For faculty, career advancement requires an entirely different set of principles.  The motive here is to ensure a slow, but steady supply of young colleagues who will not upend years of pronouncements by established faculty.  This is accomplished in two ways.

The first is to act as gate keepers.  Faculty hiring committees sift through applications for open positions, discarding obviously unqualified candidates, then sparring over how to rank the rest.  This usually breaks down along adherence to schools of thought within the discipline; factions, in other words.  Structuralists will want other structuralists, post-modernists will want more of their kind, and so on.  Almost no one will favor applicants whose work calls into question any of the prevailing factions in the department.  There is some honor among academics, after all.  In this way, serene advancement through a career is ensured without problematic disagreement, except along acceptable factional lines.  The process is disturbingly similar to the way acolytes move up through religious ranks.

The second way is similar; it works through the peer review system for publication of papers.  For professors, advancement occurs through just one avenue: publication in peer reviewed journals.  I don’t think I need to go into detail on the difficulties of publishing a serious objection to accepted dogma, when that publication depends on favorable reviews by the very people who have built their reputations on that dogma.

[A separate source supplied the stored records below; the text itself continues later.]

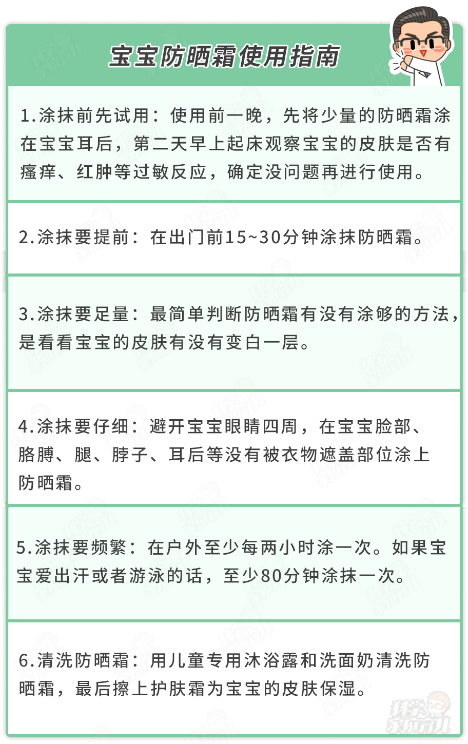 后,科大大還準備了一份防曬霜使用指南,爸媽們快快查收吧!
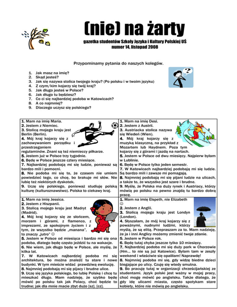 (nie) na Ŝarty gazetka studentów Szkoły Języka i Kultury Polskiej UŚ numer 14, listopad 2008 Przypominamy pytania do naszych kolegów. 1. 2. 3. 4. 5. 6. 7. 8. 9. Jak masz na imię? Skąd jesteś? Jak się nazywa stolica twojego kraju? (Po polsku i w twoim języku) Z czym/kim kojarzy się twój kraj? Jak długo jesteś w Polsce? Jak długo tu będziesz? Co ci się najbardziej podoba w Katowicach? A co najmniej? Dlaczego uczysz się polskiego? 1. Mam na imię Maria. 2. Jestem z Niemiec. 3. Stolicą mojego kraju jest Berlin (Berlin). 4. Mój kraj kojarzy się z zachowywaniem porządku i przestrzeganiem regulaminów. Znani są teŜ niemieccy piłkarze. 5. Jestem juŜ w Polsce trzy tygodnie. 6. Będę w Polsce jeszcze cztery miesiące. 7. Najbardziej podobają mi się ludzie, poniewaŜ są bardzo mili i pomocni. 8. Nie podoba mi się to, Ŝe czasem nie umiem powiedzieć tego, co chcę, bo brakuje mi słów. Nie lubię teŜ niektórych dyskotek. 9. Uczę się polskiego, poniewaŜ studiuję polską kulturę (kulturoznawstwo). Polska to ciekawy kraj. 1. Mam na imię Jessica. 2. Jestem z Hiszpanii. 3. Stolicą mojego kraju jest Madryt (Madrid). 4. Mój kraj kojarzy się ze słońcem, morzem i górami, z flamenco, z imprezami, ze spokojnym Ŝyciem i z tym, Ŝe wszystko będzie „manana”, to znaczy „jutro” ☺ 5. Jestem w Polsce od miesiąca i bardzo mi się ona podoba, dlatego będę często jeździć tu na wakacje. 6. Nie wiem, jak długo będę w Polsce, ale myślę, Ŝe kilka lat. 7. W Katowicach najbardziej podoba mi się architektura, bo moŜna znaleźć tu stare i nowe budynki. W tym mieście widać prawdziwą ewolucję. 8. Najmniej podobają mi się pijacy i brudne ulice. 9. Uczę się języka polskiego, bo lubię Polskę i chcę tu mieszkać długo. Mam nadzieję, Ŝe szybko będę mówić po polsku tak jak Polacy, choć będzie to trudne; jak dla mnie macie zbyt duŜo [sz], [cz]. 1. Mam na imię Desi. 2. Jestem z Austrii. 3. Austriacka stolica nazywa się Wiedeń (Wien). 4. Mój kraj kojarzy się z muzyką klasyczną, na przykład z Mozartem lub Haydnem. Poza tym kojarzy się z górami i jazdą na nartach. 5. Jestem w Polsce od dwu miesięcy. Najpierw byłam w Lublinie. 6. Będę w Polsce tylko jeden semestr. 7. W Katowicach najbardziej podobają mi się ludzie. Są bardzo mili i zawsze mi pomagają. 8. Najmniej podobają mi się pijani ludzie na ulicach, a takŜe to, Ŝe wszystko jest szare i brudne. 9. Myślę, Ŝe Polska ma duŜy rynek i Austriacy, którzy mówią po polsku na pewno znajdą tu bardzo dobrą pracę. 1. Mam na imię Elspeth, nie Elizabeth ☺ 2. Jestem z Anglii. 3. Stolicą mojego kraju jest Londyn (London). 4. Słyszałam, Ŝe mój kraj kojarzy się z powaŜnymi, nudnymi ludźmi, którzy myślą, Ŝe są elitą. Przepraszam za to. Mam nadzieję, Ŝe ja i inni Anglicy moŜemy zmienić twoje zdanie. 5. Jestem w Polsce rok. 6. Będę tutaj chyba jeszcze tylko 10 miesięcy. 7. Najbardziej podoba mi się duŜy park w Chorzowie (Hm… to nie są juŜ Katowice). Byłam tam w zeszły weekend i właściwie się opaliłam! Naprawdę! 8. Najmniej podoba mi się, gdy widzę biedne dzieci biegające po ulicy. Czuję się wtedy smutna. 9. Bo pracuję tutaj w organizacji chrześcijańskiej ze studentami. Język polski jest waŜny w mojej pracy, choć mogę mówić po angielsku. TakŜe dlatego, Ŝe gdy idę ulicami miasta, często spotykam stare kobiety, które nie mówią po angielsku. 1. Mam na imię Bahy. 2. Jestem z Egiptu, dokładnie z Kairu. 3. Stolica mojego kraju nazywa się po polsku Kair, a po arabsku El Kahira. 4. Egipt to piramidy. 5. Jestem w Polsce od dwóch tygodni. 6. Będę w Polsce cztery miesiące. 7. Lubię bardzo dyskoteki. Jest ich duŜo w Katowicach. Lubię teŜ Polaków, którzy są towarzyscy i przyjacielscy. DuŜo podróŜuję autobusami i to jest jak spacer po mieście. 8. Czego nie lubię w Katowicach? – Szarych budynków. 9. Uczę się języka polskiego, Ŝeby pracować jako przewodnik turystyczny z polskimi turystami w Egipcie. 1. Mam na imię Mohammed. 2. Jestem z Maroka. 3. Stolicą mojego kraju jest Rabat. 4. Mój kraj kojarzy się ze słońcem, ciepłem. Tam jest około 3700 kilometrów morza. Maroko kojarzy mi się takŜe z owocami, warzywami i górami. Niestety, jest tam duŜo trawki. W Maroku jest wielu turystów, poniewaŜ są tam piękne miasta i leŜy blisko Europy. 5. Jestem w Polsce osiem miesięcy. 6. Nie wiem tego. 7. W Katowicach najbardziej podoba mi się centrum. 8. Najmniej podobają mi się ulice i stare budynki, a takŜe zbyt duŜo alkoholików. 9. PoniewaŜ lubię języki obce. PRZEMÓWIENIE NA TEMAT ZACHOWANIA TRADYCJI DZIADÓW* Szanowni Państwo! Jest mi niezwykle miło powitać Państwa na dzisiejszym spotkaniu Towarzystwa Propagowania Kultury. Za nami 31 października, kiedy obchodzimy nie tylko komercyjne święto Halloween, ale przede wszystkim przypominamy sobie „Dziady” – ludowy zwyczaj, którego współczesnym odpowiednikiem są Zaduszki. Muszę tu dodać, Ŝe Halloween to, oczywiście, teŜ tradycja, ale – niestety – dziś za bardzo zamerykanizowana i nastawiona jedynie na imprezowanie i zabawy. Drogie Panie, Drodzy Panowie w tych waŜnych dla naszej kultury dniach czcimy i pamiętamy o naszych zmarłych przodkach. Dziady mają pogańskie korzenie, zostały potępione przez Kościół z powodu magicznych, odbywających się potajemnie rytuałów. Szanowni Państwo, jak wiemy w dzisiejszych czasach nadal kultywuje się niektóre z tych obyczajów – np. przynoszenie jadła na groby zmarłych – nie tylko we wschodniej Polsce, ale teŜ na Białorusi, Ukrainie i w Rosji. MoŜna powiedzieć, iŜ jest to część kultury słowiańskiej i powinniśmy pielęgnować tę tradycję. Jest to wyjątkowy czas, gdyŜ na wszystkich cmentarzach moŜna poczuć tę niesamowitą magiczną atmosferę. Oddajemy cześć naszym przodkom, częstując ich jedzeniem, modląc się za nich, chcemy jak najlepiej „ugościć” 
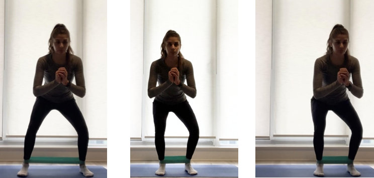 Wrap a band just above the ankles. Standing with your feet slightly apart and your hips and knees in a bent position, push your knees outward into the band.
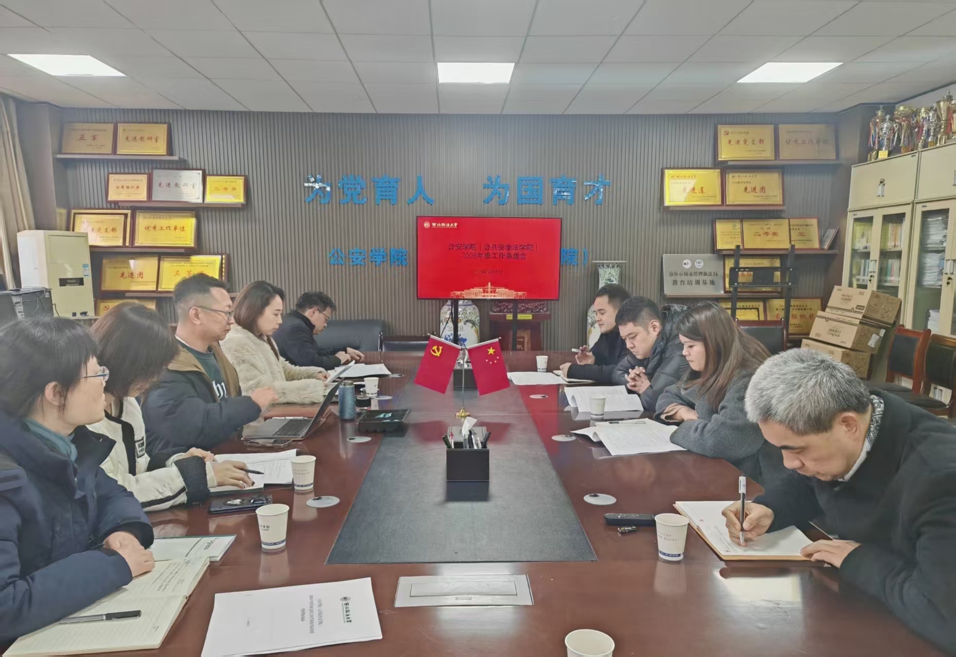 会议要求,一要强化党建引领,持续深化理论武装,严格落实意识形态工作责任制,不断提升凝聚力和战斗力,为学院事业发展提供坚强政治保障。二要聚焦学科专业建设,加强师资队伍建设,优化课程体系,深化教学改革,着力提升人才培养质量。三要聚焦公安实战需求,深化与实务部门的合作交流,构建特色鲜明的科研创新平台,强化服务效能。四要加强学生管理与服务,关注学生成长成才,完善就业指导服务体系,引导学生树立正确的职业观和价值观,提高学生就业竞争力。五要统筹推进学院各项事业协同发展,强化内部管理,营造和谐稳定的发展生态。

It’s worth noting the increasing trend to circumvent this entire process by hiring only “adjunct” faculty, a process wryly called “adjunctivitis.”  Adjuncts are hired as part time employees, or as contractors, thereby absolving the institution of any requirements for minimum compensation, especially with regard to health insurance, retirement , and so on.  They are usually hired en masse to teach the large lower-level courses established faculty find so tiring.  This is obviously beneficial for administrators, as it frees up much more money for their own bloated salaries, but many short-sighted faculty also fall into line as well.  Adjunct faculty are no threat to the established faculty, because, in spite of technically being part-time, they are forced to teach so many courses to make ends meet, that they have no time left for the kind of research that leads to publication and career enhancement.  I say short-sighted, because this will inevitably lead to further erosion of prestige for university faculty in general, affecting the upper echelons as well as the lowest.  Of course, some, at the end of their relatively lucrative careers and ready for retirement, hardly care.

The wily reader will have noticed that at no point was the welfare of students, or the contribution to knowledge brought up.  Let me just remind you that we have spent the last few decades selling higher education exclusively as the gateway to lucrative jobs.  The inescapable conclusion is that it is the paper, not the process, which has any true value.

Surprise!  Welcome to our brave new world.